And again, the issue is WHY NOT...I know they don't now...but it would seem like the next logical step. We've address the liability...just slow the car down, we've address the commercial aspects...you are being tracked everywhere you go with Onstar in the car...so who cares...slowing the vehicle down would not be as bad as shutting it off if thats what so many are worried about...so it would seem to be technically feasible, legally practical, and safer all around for all parties concerned.



ghostrider @ Fri 01 Oct said:


> SOT II
> 
> My point is they will not disable the car for you. Onstar has many ways of pulling up a vehicle record to iniatiate a track of a reported stolen vehicle as requested by LE in efforts to recover it, Once they locate it they will inform LE of its location, assuming it is not in a garage or a shiiping container headed to South America.
> 
> ...


----------



## ghostrider (May 29, 2003)

SOT II

Good Luck with your theory. You obviously do not see the Why not reasons. 
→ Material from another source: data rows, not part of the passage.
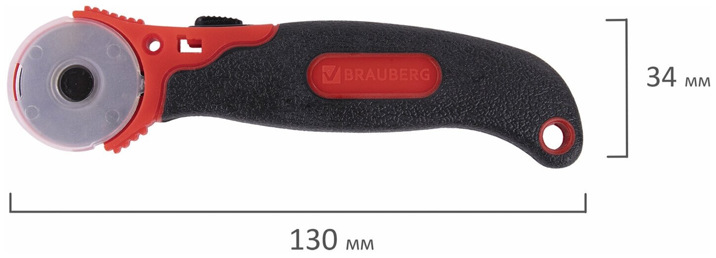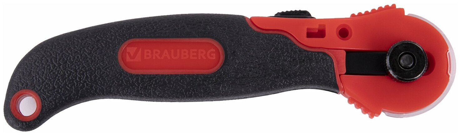 Нож раскройный роликовый 28мм Brauberg, круглое лезвие, резиновые вставки (238089)
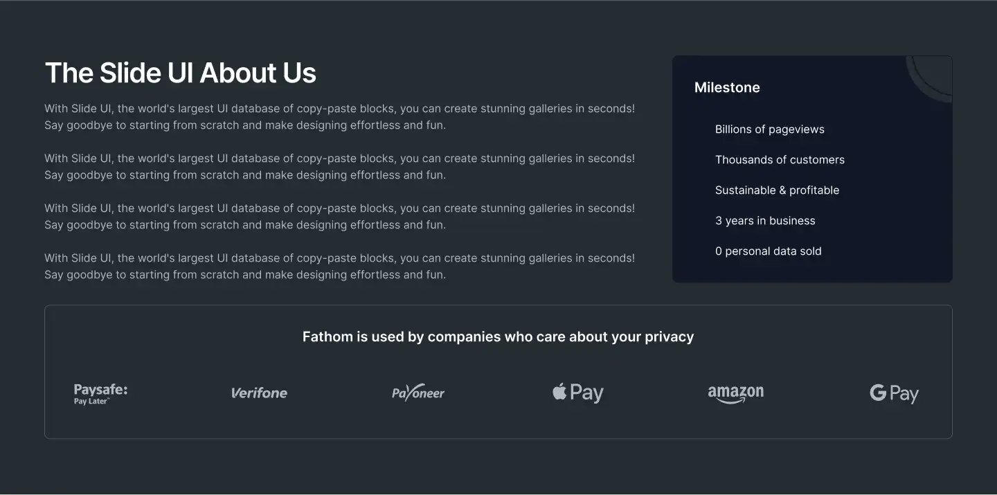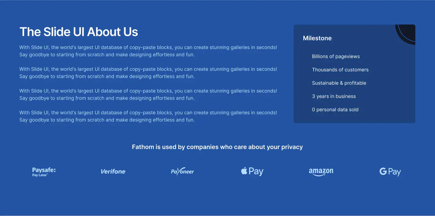 Add story, mission, and credibility to your brand with timeline, image-text, or culture-based layouts.
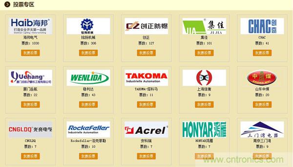 “2014第二屆電氣行業(yè)網(wǎng)絡(luò)十大品牌評(píng)選活動(dòng)”由中國(guó)工業(yè)電器網(wǎng)主辦,是電氣行業(yè)發(fā)展的風(fēng)向標(biāo),投票環(huán)節(jié)9月1日開啟。廣大網(wǎng)友可繼續(xù)通過中國(guó)工業(yè)電器網(wǎng)網(wǎng)絡(luò)投票系統(tǒng),向自己熟悉的、喜歡的電氣企業(yè)投上寶貴的一票,共同見證下一個(gè)電氣行業(yè)網(wǎng)絡(luò)十大品牌的誕生!
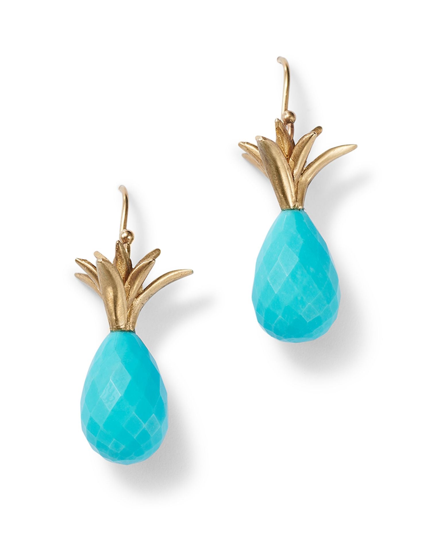 14K Yellow Gold Turquoise Pineapple Drop Earrings

Additionally, if you think that Onstar is tracking you, you have no idea on how the system works or what it's capabilities are.


----------



## SOT (Jul 30, 2004)

Please it has location service built in, press the button it knows where you are. Make a call it knows where you are, airbags deploy, it knows where you are, report the car stolen it knows where it is...

So yeah it knows where you are, just as digital phone GPS and older analog "trakker" triangulation knows where you are. So big secret, GSM in call (with vin and account number as identifiers) and GPS in non call mode.

And again if it's a service and "privacy" issue that's one thing, but the safety issue is a non starter. The real problem is Chet just wasn't that creative, the focus of the product was to make it in car AOL when it could have a much broader safety impact. 
IBM's product can do it, can do it safely... Vonage can do it, heck ven TriaGnoSys GmbH has a product that will do it.

So don't tell me the technology doesn't exist, if the parent company GM doesn't want to play because they are banking on this junior telematics system turning into in car AOL..well that would be a "real" reason...not that it can't be done and can't be done safely.



ghostrider @ Fri 01 Oct said:


> SOT II
> 
> Good Luck with your theory. You obviously do not see the Why not reasons.
> 
> Additionally, if you think that Onstar is tracking you, you have no idea on how the system works or what it's capabilities are.


----------



## bosoxmanny (Sep 29, 2004)

Here guys here's a program thats been working great in my area that started in Arlington and has worked its way all over VA.

http://www.washingtonpost.com/ac2/w...ode=&contentId=A62681-2002Apr16&notFound=true


----------



## SOT (Jul 30, 2004)

A company called S3 makes the exact same system for TANKER trucks and has used it to stop gas tankers in CA and AZ...I guess a tanker truck full of gas is less dangerous than a car...right...
Good find manny.



bosoxmanny @ Fri 01 Oct said:


> Here guys here's a program thats been working great in my area that started in Arlington and has worked its way all over VA.
> 
> http://www.washingtonpost.com/ac2/w...ode=&contentId=A62681-2002Apr16&notFound=true


----------



## ghostrider (May 29, 2003)

These systems have been in use in Canada for several years. Different application and differrnt BIZ model from Onstar is after at this stage.


----------